Connect Portal supports connecting to a variety of databases and environments, including Hive, Oracle, Apache Kafka, IBM Db2 for z/OS, Netezza, Microsoft SQL Server, Teradata, HDFS, S3, Amazon Redshift, IBM Db2 for Linux, UNIX, and Windows, and local. Connect Portal supports the following browsers:
  • Firefox
  • Google Chrome
  • Internet Explorer versions 10 and 11
  • Microsoft Edge

For more information about how to use Connect Portal, see the Connect Portal help available from the application. To get started with Precisely Connect Portal, you need to install Connect ETL and MIMIX Share (CDC).

9.8.7
Connect ETL Data Lineage REST API (first customer shipment): The Connect ETL REST API provides web-based request support for Data Lineage metadata published to the Connect ETL management server. REST resources provide access over HTTP to the following data lineage and related resources in JSON format:
  • Job Status
  • Logging
  • Lineage data
9.8.7

Oracle and SQL Server targets through JDBC connections supported in Hadoop Single Node Execution - Connect ETL offers the ability to move data from Hadoop distributed file system and database sources to Oracle and SQL Server targets in a Single Node Execution Connect ETL job. Please see the on-line help topics, Defining Connect for Big Data ETL Sources and Targets, Connecting to JDBC Sources and Targets, and Running a job from the command prompt for more information.

9.8 Add support for brokers in the Kafka connection. Please refer to the section "Kafka connections" of the "Apache Kafka" documentation.
9.8 Custom installation location for Ambari packages. Connect for Big Data can be installed under a custom directory prefix when installing via an Ambari package. Refer to the Installation Guide.
9.8 Apply license keys while Connect is running. It is no longer necessary to stop any running Connect ETL/Connect for Big Data jobs or services to apply a new license key.
9.8

Separate software and license packages for Connect for Big Data. Previously, customer-specific Connect for Big Data installation packages with embedded license keys were generated for RPM, Cloudera parcel, and Ambari package installations. Now, the software and your license keys are provided in separate packages. This allows you to apply a new license key to all cluster nodes without reinstalling Connect for Big Data. Refer to the Installation Guide.

9.7.32

Abort on Rejected Records to Kafka and MapR streams. The new "Abort if any record is rejected" parameter configures Connect ETL to abort tasks that update Kafka targets upon rejecting a record. The default behavior to process remaining records remains unchanged.

9.7.32

Distributed Parallel Data Ingestion (First customer shipment). Connect Portal offers distributed parallel ingestion of large database sources for enabled jobs to Hadoop targets, which enables parallelized map jobs to any number of Hadoop targets (HDFS, Hive, or HCatalog). With distributed parallel ingestion, DMX automatically splits tables across mappers to optimize load performance based on table and cluster size. For more details, see the DMX help topic, "High-speed parallel ingestion of large database sources to Hadoop."

9.7.23

Connect ETL Change Data Capture for DB2 z/OS. Added READ authority information and missing SYSIBM table names for DB2 Catalog Tables in DB2GRANT JCL . Refer to the "Identify/Authorize z/ OS Users and Started Tasks" section in the DB2 z/OS Change Data Capture Reference.

9.7.23

Support for COBOL-IT line sequential files on SunOS SPARC 64-bit. Connect ETL/Connect for Big Data provides support for COBOL-IT line sequential files. See the Connect ETL/Connect for Big Data help topic, "Installing support for COBOL-IT."
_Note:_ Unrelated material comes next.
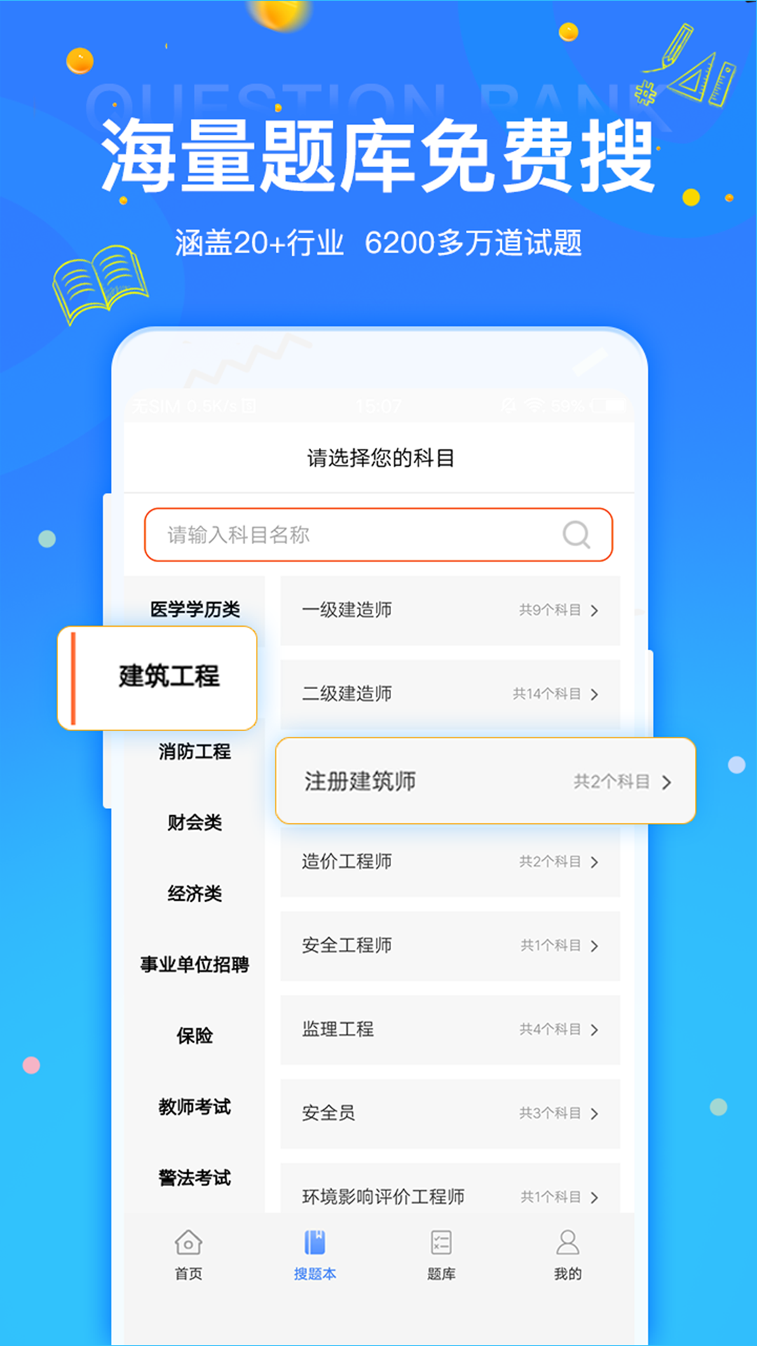 拍拍刷题是一款高效且智能的学习类app。它拥有海量的题库,可供用户进行练习。其题库覆盖的范围极其广泛,包含航空航天、边防出入境、铁路司机培训、国家电网培训、电力安规、国家公务员、医师资格、医学初中高级职称、执业药师、执业护士、卫生招聘、教师资格、消防工程、建筑工程、财会经济、警法考试以及司法考试等各大系列的试题与课程,让用户能够随时随地开启在线刷题模式。

9.7.23 Connect Portal enhancements. The Connect Portal configuration file now allows the following:
  • Checking whether a column is the first or last one in the source table, in the predicate of expression_construction transformation rules
  • Creating target files in subdirectories named for each source table
  • Customizing the file extension of target files
  • Customizing the file extension of exported DTL task files

See the Connect ETL/Connect for Big Data help topic, "DMXDFNL configuration file."

9.7.19

Runtime field-level data lineage. Connect ETL/Connect for Big Data offers a runtime data lineage solution that enables you to track field-level metadata from source to target through the Connect ETL/Connect for Big Data task and job processes that transform it. As part of your overall data governance strategy, you can leverage the generated lineage for debugging, auditing, and regulatory reporting. You can further extend these capabilities through end-to-end visualization by securely publishing the lineage to Cloudera Navigator as a compliance-ready solution. See the Connect ETL help topic, Connect ETL/Connect for Big Data runtime data lineage. Connect ETL/Connect for Big Data lineage is connected to all other data lineage in the cluster, which offers a full view of what is happening to the data within and without Connect ETL/Connect for Big Data.

9.7.3
Open System Support for Connect Change Data Capture (CDC) for z/OS. Connect CDC for z/OS synchronizes data changes between data sources and targets while your enterprise data processes continue with no impact on performance. Connect CDC for z/OS open system components add support for the following database sources for CDC synchronization:
  • Oracle and Oracle Real Application Clusters (RACs)
  • Microsoft SQL Server
  • IBM DB2 for i
  • IBM DB2 For Linux/UNIX/Windows (LUW)
  • IBM Informix
  • Sybase
9.7.3 GUID database datatypes. Connect ETL/Connect for Big Data supports GUID database datatypes, such as SQL Server uniqueidentifier and Access guid datatypes.
9.7

VSAM source support for Connect CDC for z/OS. In addition to DB2 for z/OS sources, Connect CDC for z/OS supports VSAM data sets as sources. Changes written to VSAM data sets can be captured and written to target files and applied to Hive target database tables through generated downstream Connect for Big Data tasks. See the Connect ETL/Connect for Big Data help topic, "Connect Change Data Capture."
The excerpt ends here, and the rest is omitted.